Saturday was the latest meeting of Contemporary Quilt Region 14, a workshop with tutor Janet Bottomley on Liberated Piecing.  One of the best workshops I've ever been to - loads of fun, excellent teaching, and plenty of ideas for future projects (just need the time to make them now).  You can find out more about Janet from her blogs:  A Quilters Journal  (her personal blog), her City and Guilds/Contemporary Quilt blog, and her teaching blog.  For anyone involved in running a quilting group she would be an excellent choice for a workshop that could appeal to both traditional and contemporary quilters.


For those who, like me, were unclear about the difference between liberated and improvisational quilting, liberated quilting involves putting together traditional blocks in a non-traditional way, with a minimum of measuring, as in much African American quilting.  Improvisational or freeform quilting doesn't use blocks.

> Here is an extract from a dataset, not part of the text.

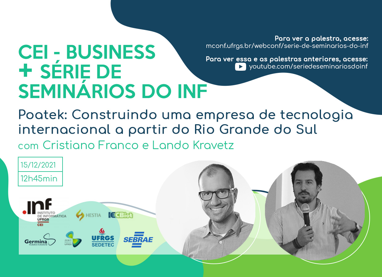 Nesta palestra, Cristiano Franco e Lando Kravetz, fundadores da Poatek, vão nos contar a trajetória desta empresa de tecnologia sediada em Porto Alegre, que hoje em dia conta com 160 profissionais de Computação, desde sua fundação em 2015 até sua recente aquisição por um fundo norte-americano de capital privado, e nos mostrar que é possível criar empresas de tecnologia de classe mundial no Rio Grande do Sul.

Below are some of the samples Janet brought, and you can see a corner of one of her quilts above (I wish I'd taken more photographs, but you can see more of Janet's work on her blogs.  I especially love her use of bright colours and fresh-looking fabrics, in particular her use of stripes - the blue quilt just peeping out in the picture above is particularly good.


 Anyway we were quickly on with the first blocks - stars and square in a square (occasionally pausing to flick through the books Janet brought)


and by lunchtime we'd completed our first blocks.  Being an adventurous group we soon discovered how to make things wonky, adapt and experiment with the techniques, and have lots of fun playing.



And - probably Janet's influence - there was a lot of orange about.  And some really nice fabrics, as in Lesley's beautifully wonky star.  


In the afternoon we experimented with asterix blocks, hash signs, and wonky houses and trees, but I got so caught up in the process I forgot to take photographs.

And we all went home grinning from ear to ear, with a new challenge - to use the techniques in our own pieces to be revealed at the next meeting.  Watch this space!




Thursday, 23 February 2012

Help!

I'm not sure how I got here, but at present I am unable to use any of the links from my blog. I keep getting an error message that says:
ERROR: Possible problems with your *.gwt.xml.module file. The complete time user.agent value (ie9) does not match the runtime user.agent value (ie8). Expect more errors.

I managed to post this - if it does post - through Blog this! on a Google search - I am unable to link to dashboard or new post from my blog itself.

I have posted a query on a link from the help-page but have not had any reply: is there any way of contacting Blogger direct rather than a user-list? Does anyone out there know what I can do?

Monday, 20 February 2012

Collages Part Two


More collages from last autumn - this time from an A5 sketchbook: the first two use ink drawings of beetles from the Leeds City Museums collection. Top - cut-out beetle on paper rubbed with soft pastel, plus paper coated with oil pastel, then indian ink, scratched and rubbed back; bottom one uses paper printed with iridescent paint, bought textured paper and paper monoprinted with lacy pattern from an almost exhausted marbling tray.



Above - wet-on-wet watercolour paper, wet-on-dry paper, plus monoprinted paper.


Two more using marbled papers.  Above - three different cut marbled papers, plus coloured pencil lines.  Below: oil-marbled paper with added pale water-colour and wet watercolour pencil lines plus translucent blue tracing-paper overlay.



Two using photoshopped photograph prints plus cut watercoloured paper and (in the bottom one) torn sugar-paper.



Top: monoprinted and marbled papers.  Bottom: scrunch-dyed tissue paper, bits of linoprint sampler, and watercolour "bullseye".


Many thanks for the comments on the earlier ones, and - yes - they are feeding into my quilting.  Plus being fun, and a good way of exploring composition.  All done very quickly as a sort of creative "starter" for the day.

Thursday, 16 February 2012

Collages

 During the autumn last year I played with simple one-a-day collages, allowing approximately ten minutes for each.  They used papers and prints I already had made at various times, and much of the focus was an exploration of composition:


 monoprinted and blockprinted white and coloured papers;


 wet-on-wet watercolour on hand-made paper; wet-on-dry on cartridge paper


oil-marbled and freely cut watercoloured cartridge paper (above and below)



inked pages from an old falling-apart guide, marbled paper, watercoloured paper, blue tracing-paper;



cut monoprint;



and cuts from the same monoprint with layered coloured tissue-paper.

I also filled two other sketchbooks, in different shapes (of which more later)  Lots of fun - and I learnt a lot too!